ScalingAR: Scaling Confidence for Autoregressive Image Generation
Abstract
Test-time strategies have shown remarkable success in improving large language models, but their application to next-token prediction (NTP) autoregressive (AR) image generation remains largely underexplored. Existing test-time scaling (TTS) methods for visual autoregressive models (VAR) rely on frequent partial decoding and external reward models, which are inefficient and often ineffective for NTP-based image generation due to the inherent instability of intermediate decoding results. To address these limitations, we propose ScalingAR, a novel test-time scaling framework tailored for NTP-based AR image generation. ScalingAR introduces token entropy as a confidence signal and operates at two complementary levels: (i) Profile Level, integrates intrinsic uncertainty and conditional utilization into a unified confidence state, and (ii) Policy Level, leverages this state for adaptive trajectory pruning and dynamic guidance scheduling.
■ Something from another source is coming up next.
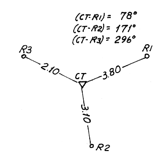 Segnale sulla sommità di un piccolo rilievo, presso lo spigolo Nord/Ovest di una siepe. Centrino cementato in superficie in pozzetto di calcestruzzo. Riferimenti: come da pianta.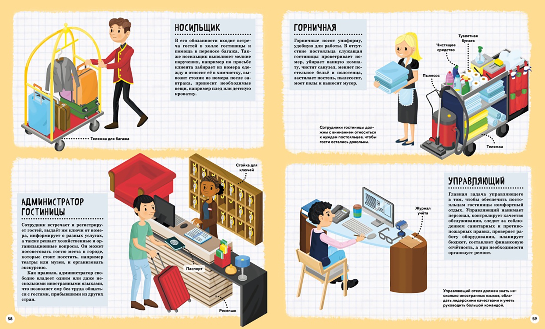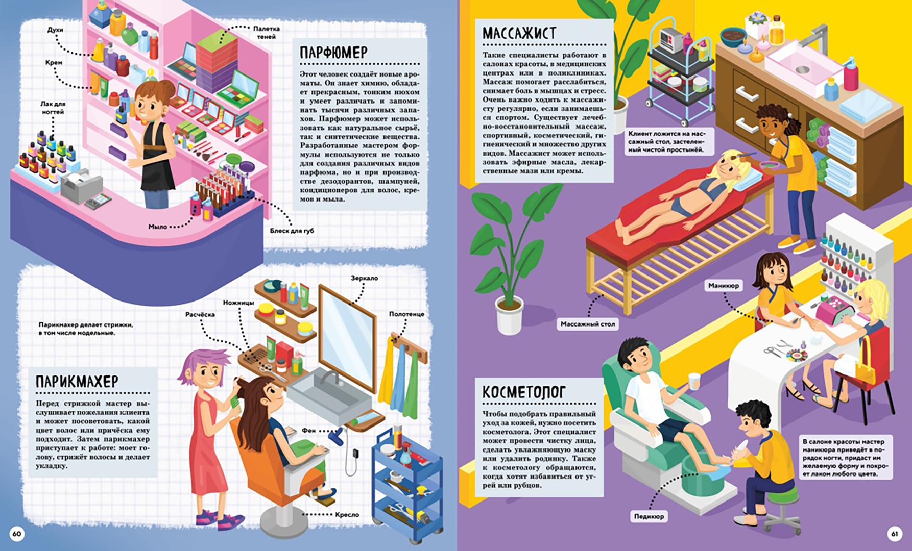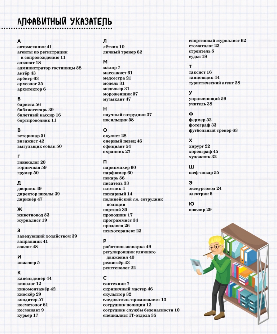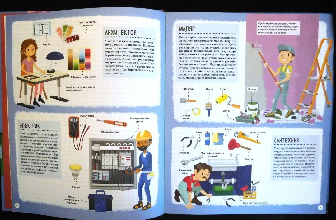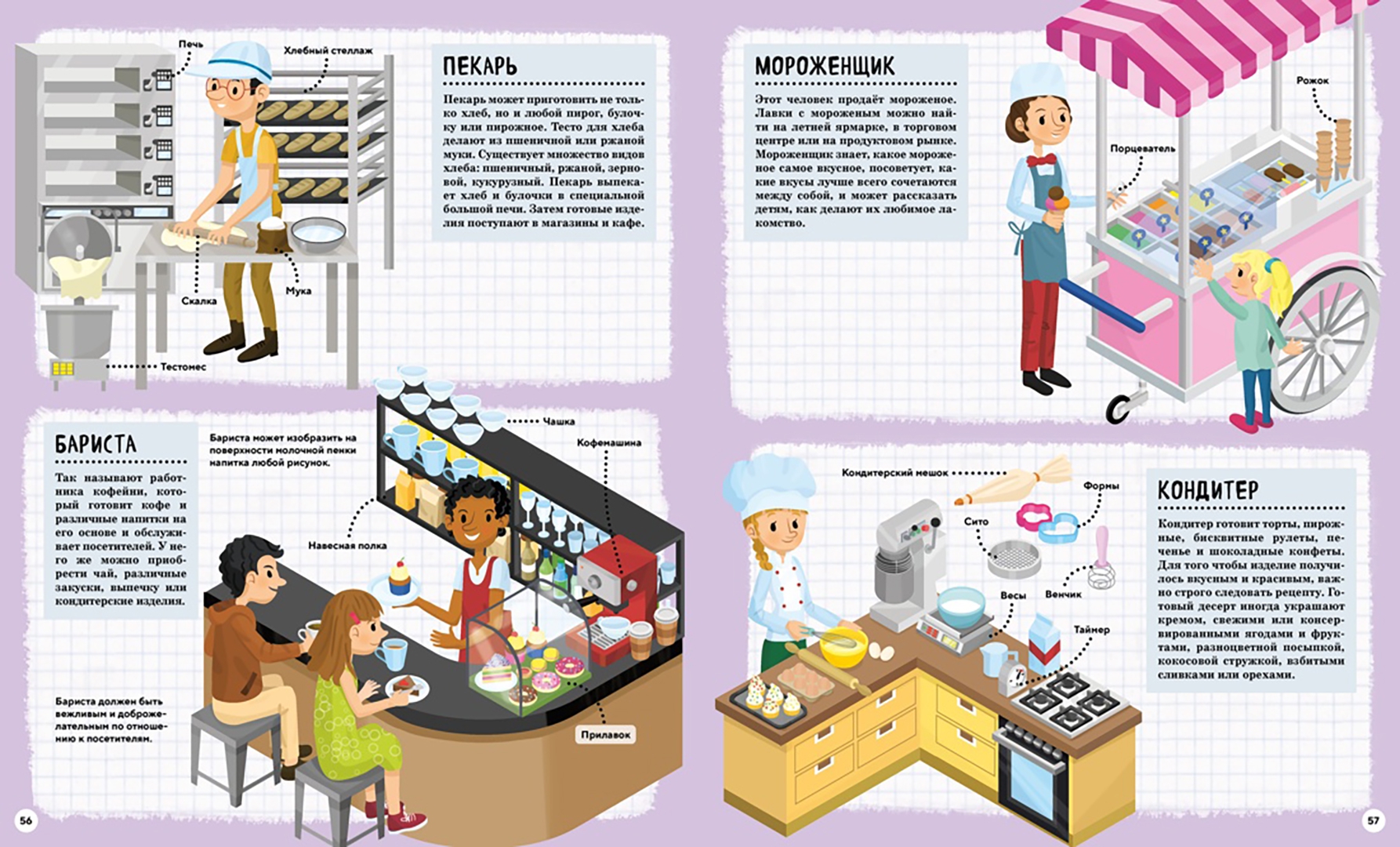 ОписаниеЧто входит в обязанности смотрителя зоопарка? Чем занимается монтажёр? Кто помогает запускать ракеты? А каким талантом должен обладать парфюмер? В этой книге представлено множество увлекательных профессий - от строителя до космонавта. Ваш ребёнок узнает, почему каждая из них важна и в чём заключается работа различных специалистов. А ещё он сможет представить, кем станет, когда будет большим!Что входит в обязанности смотрителя зоопарка? Чем занимается монтажёр? Кто помогает запускать ракеты? А каким талантом должен обладать парфюмер? В этой книге представлено множество увлекательных профессий - от строителя до космонавта. Ваш ребёнок узнает, почему каждая из них важна и в чём заключается работа различных специалистов. А ещё он сможет представить, кем станет, когда будет большим!

Without requiring early decoding or auxiliary rewards, ScalingAR achieves significant improvements across diverse benchmarks. Experiments show that ScalingAR (I) improves base models by 12.5% on GenEval and 15.2% on TIIF-Bench, (II) reduces visual token consumption by 62.0% while outperforming baselines, and (III) enhances robustness, mitigating performance degradation by 26.0% in challenging scenarios. These results establish \ourmethod as a robust and efficient test-time scaling solution for autoregressive image generation.